0:25:29 > 0:25:34Two days later, Walter Frentz was one of the last people to leave the bunker.

0:25:34 > 0:25:41He left Berlin in the plane that had been reserved for Hitler's escape from the city.

0:25:58 > 0:26:02On 28th April, Hitler was informed that the Italian fascist

0:26:02 > 0:26:09leader, Benito Mussolini, and his mistress had been captured and shot.

0:26:09 > 0:26:16A series of photographs had been taken showing their bodies hanging on display in Milan.

0:26:16 > 0:26:23Hitler would never have wanted to have pictures of humiliation or pictures where he was in captivity.

0:26:23 > 0:26:27He would never have contemplated allowing himself to be shown in such a way.

0:26:29 > 0:26:33The next day, with the Red Army engaged in street-to-street

0:26:33 > 0:26:39fighting in the city above, Hitler and Eva Braun were finally married.

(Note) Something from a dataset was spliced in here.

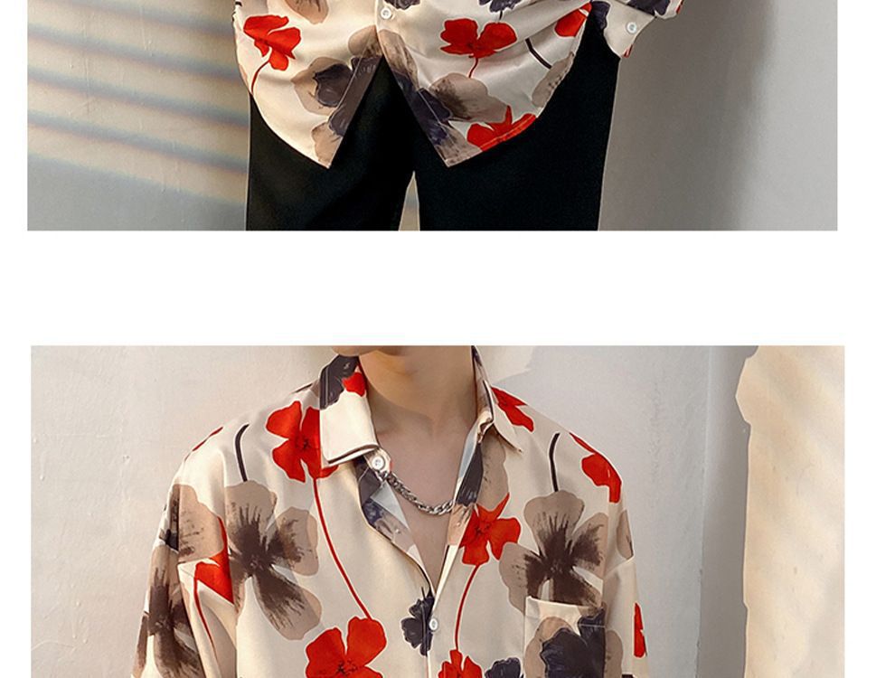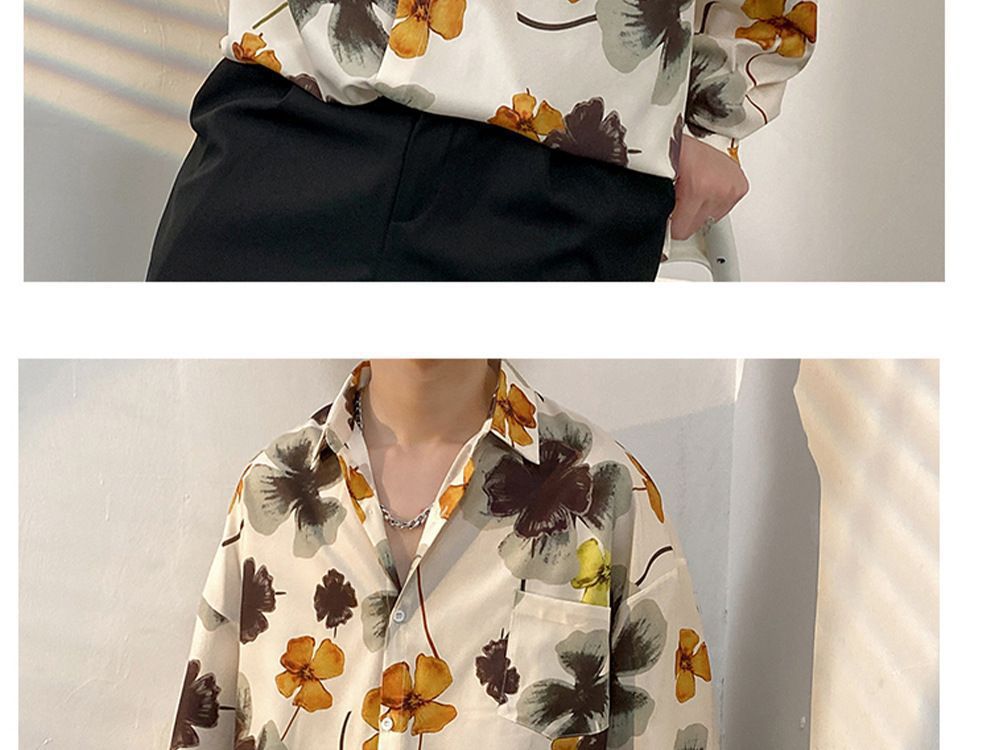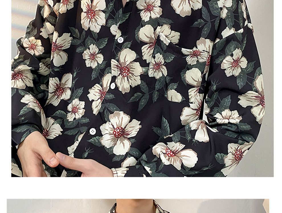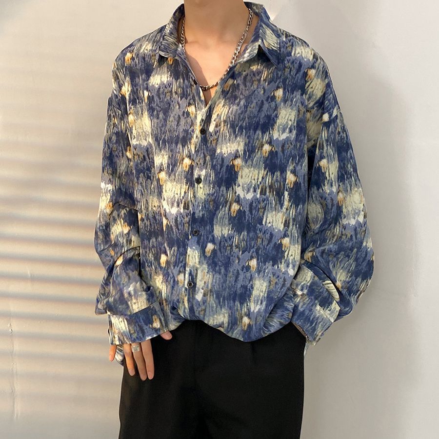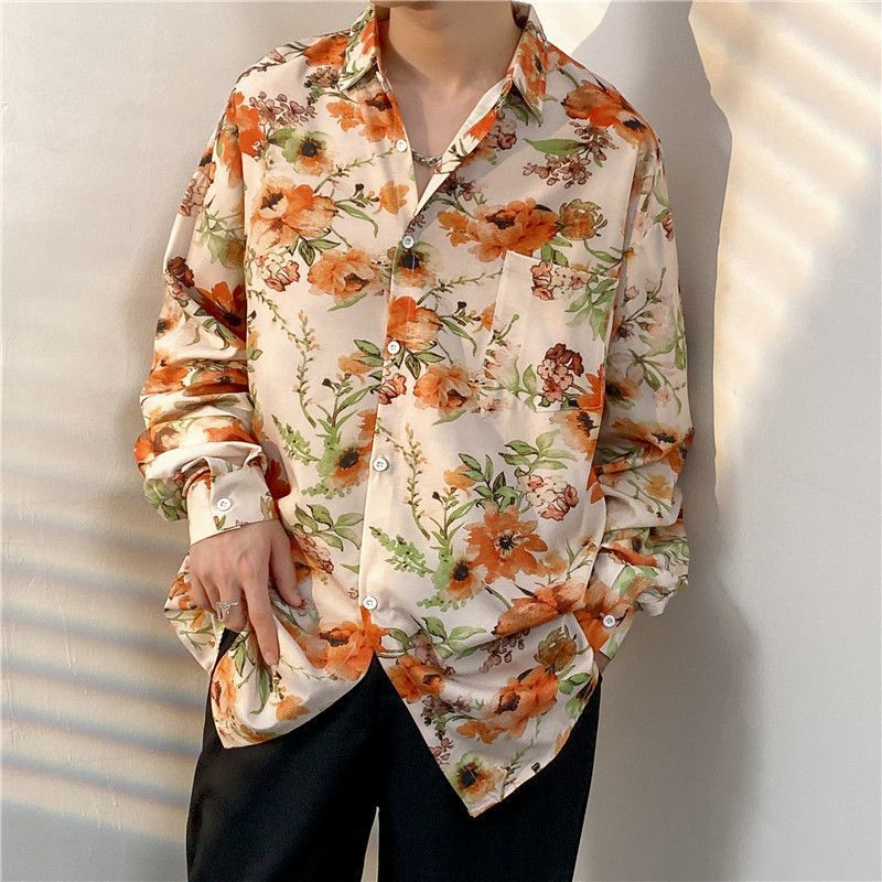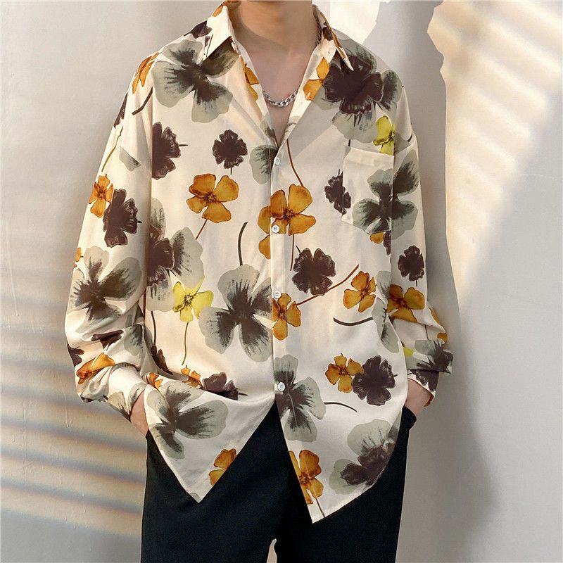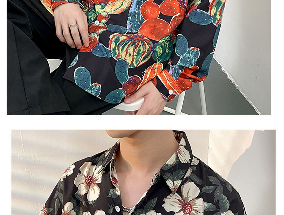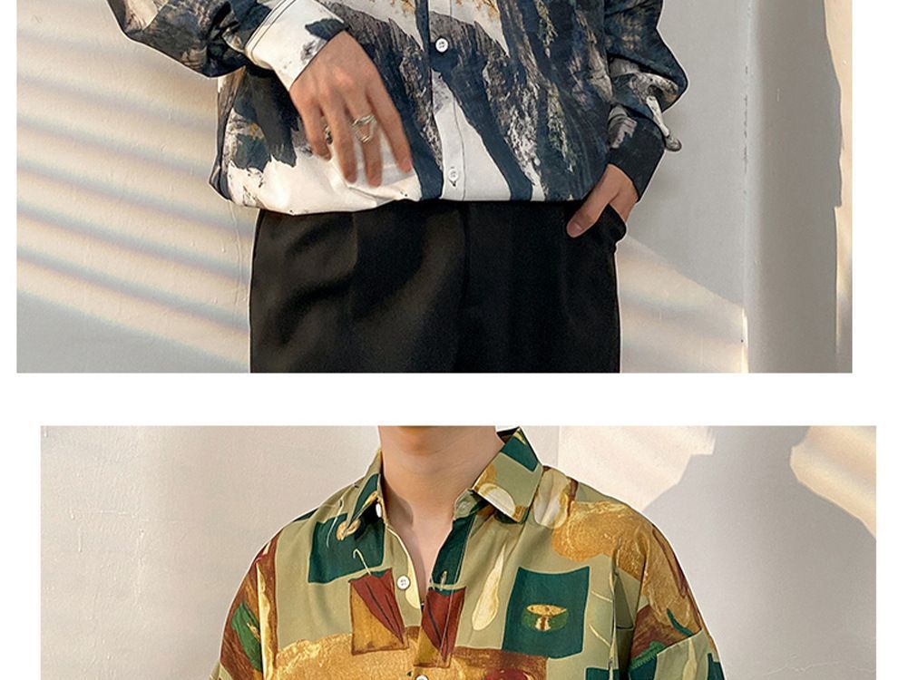봄과 가을 남성용 매우 멋진 셔츠, 남성용 재미있는 프린트 셔츠, 긴팔 홍콩 스타일 루즈 패션 캐주얼 셔츠 및 재킷스토어 가기
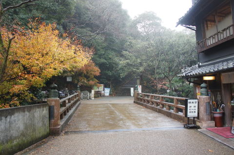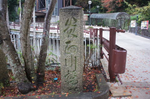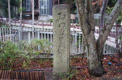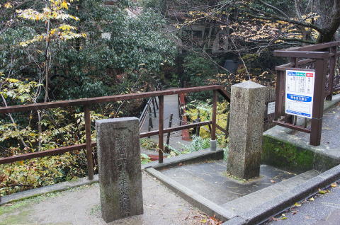 「名勝 箕面山」 「昭和二十五年災害復旧〜」 の石碑が。 この場所に当初の箕面動物園の入り口があった ようで、蓬莱橋という名の橋梁が架かっていた そうです。不老門も有名ですが、現在は影も形も ありません。 |

0:26:41 > 0:26:44There were no photographers left to record the occasion.

0:26:46 > 0:26:53At 3.30pm, on 30th April, Hitler and Braun went into a small room in the bunker

0:26:53 > 0:26:54and closed the door.

0:27:24 > 0:27:28Hitler and Braun had committed suicide.

0:27:30 > 0:27:35The German public still had no idea of Eva Braun's existence.

0:27:58 > 0:28:04Two days later, on 2nd May 1945, the Red Army captured Berlin.

0:28:08 > 0:28:14Soon after they broke into the bunker, the Russians released photographs of Hitler's body

0:28:14 > 0:28:20to prove that the world's most brutal dictator was dead.

0:28:20 > 0:28:24The photographs were published all over the world

0:28:24 > 0:28:28but were immediately exposed as fakes.

0:28:28 > 0:28:36Even in death, Hitler's image was still being manipulated for political ends.